Таким образом, общее количество поддерживаемых языков в Google Translate возросло до 51, а количество возможных направлений перевода — до 2500 (502).

Интересно, что всему миру эту новость сообщил белорусский программист Игорь Маханёк, работающий в швейцарском офисе Google (блог Google Operating System ссылается в качестве источника на Джона Мюллера, который сделал ретвит Маханька).

Судя по странным особенностям работы Google Translate, именно Маханёк является одним из авторов белорусского направления перевода. Судите сами: система распознаёт в качестве имён собственных фамилии Маханёк и Зиссер, а вот фамилию Лукашенко, например, не распознаёт и не исправляет первую букву на прописную при переводе. Впрочем, сам Игорь с этим категорически не согласен. 
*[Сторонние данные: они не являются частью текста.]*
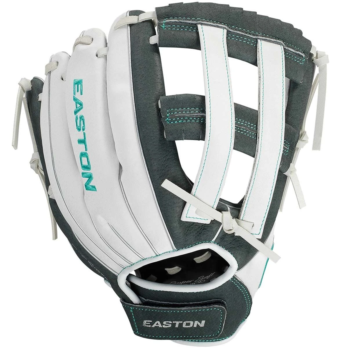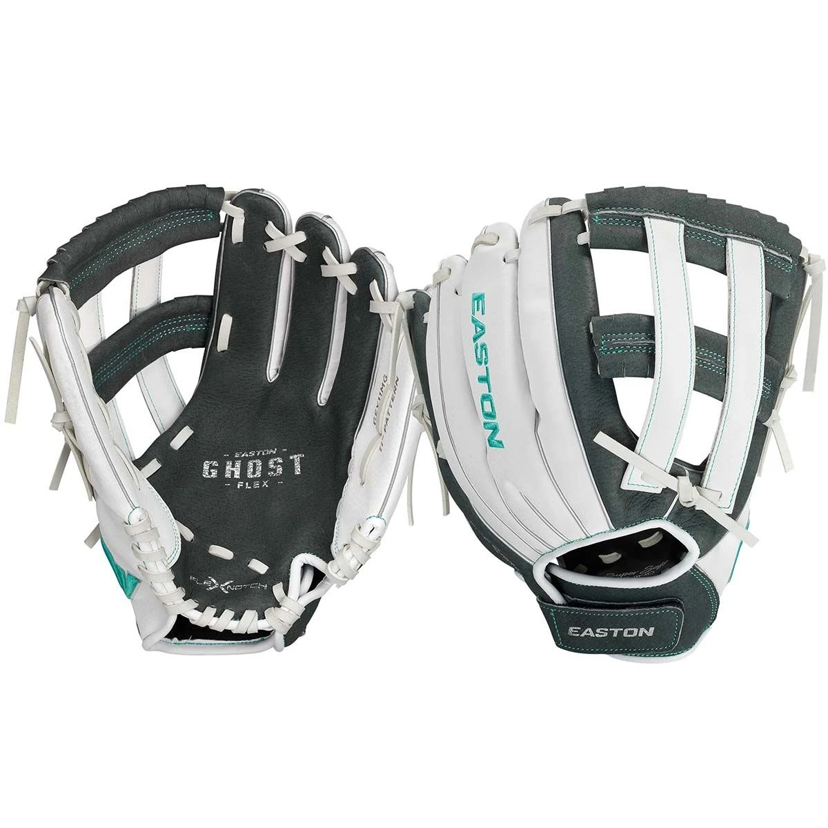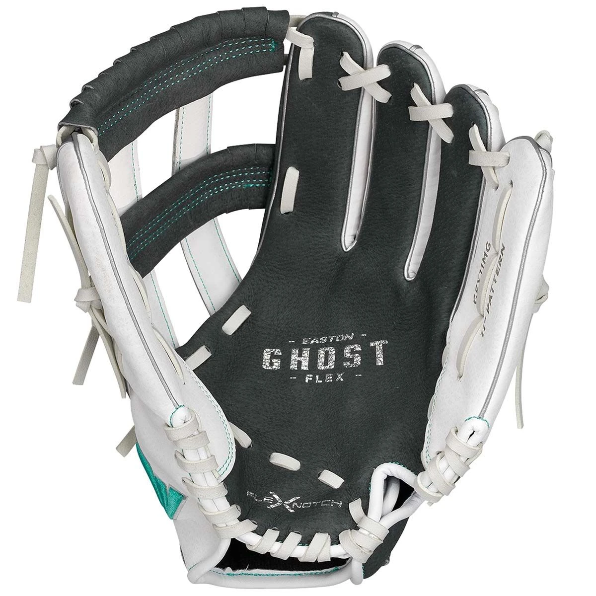 The Easton Ghost Flex is designed for beginner fastpitch softball players. This 11″ youth model features soft genuine pigskin leather combined with embossed Hyperlite synthetic leather to provide a lightweight feel. The Flex Notch™ system allows the pocket to close easier, and extended finger gussets provide a better fit and leverage. Players will have better grip and control from the super soft palm lining, The Lock Down wrist strap design easily adjusts for the perfect fit.

> Белорусская и совковая журналистика про Google Translate
> Забавный был вчера день.
> 
> Команда Google Translate запустила 9 новых языков примерно в ~4-5 утра (по беларусскому времени). Придя на работу, я обнаружил этот факт, и сообщил об этом в твиттере (около 10:50). К тому времени уже семь часов как можно было пользоваться беларусским в Translate, но никто не заметил.
> 
> Предвидя, что "толерантные" беларусы сразу бросятся искать проблемы и найдут что-то типа "проблемы Януковича", я написал достаточно подробный пост, где объяснил про суть статистического перевода, и про то, почему короткие фразы могут переводиться неоптимально.
> 
> В 12:54 generation.by опубликовали длинный и толковый пост. В 14:09 на "НН" появилась короткая новость - без единой гиперссылки, но и без глупых/неверных утверждений. Остальные новостники ещё долго спали в шапку.
> 
> ...





Беглый тест возможностей автоматического переводчика показал, что система пока слабо ориентируется в белорусской грамматике, что, впрочем, ожидаемо из-за применяемых алгоритмов перевода. Как утверждают разработчики, Google Translate автоматически сопоставляет готовые переводы на разные языки и постоянно самообучается.

----------


## Sanych

апнем тему. чёт глухо тут пока

----------


## BiZ111

и что дальше? Очевидность, нечего добавить. Дождь вон тоже идёт иногда - нооовости

----------


## Sanych

Ну может кому-то это поможет, а раз поможет, найдётся что сказать.

----------


## SDS

Маханёк на лавры посягнул, а Гуглу - то ж и козе понятно, - по барабану

----------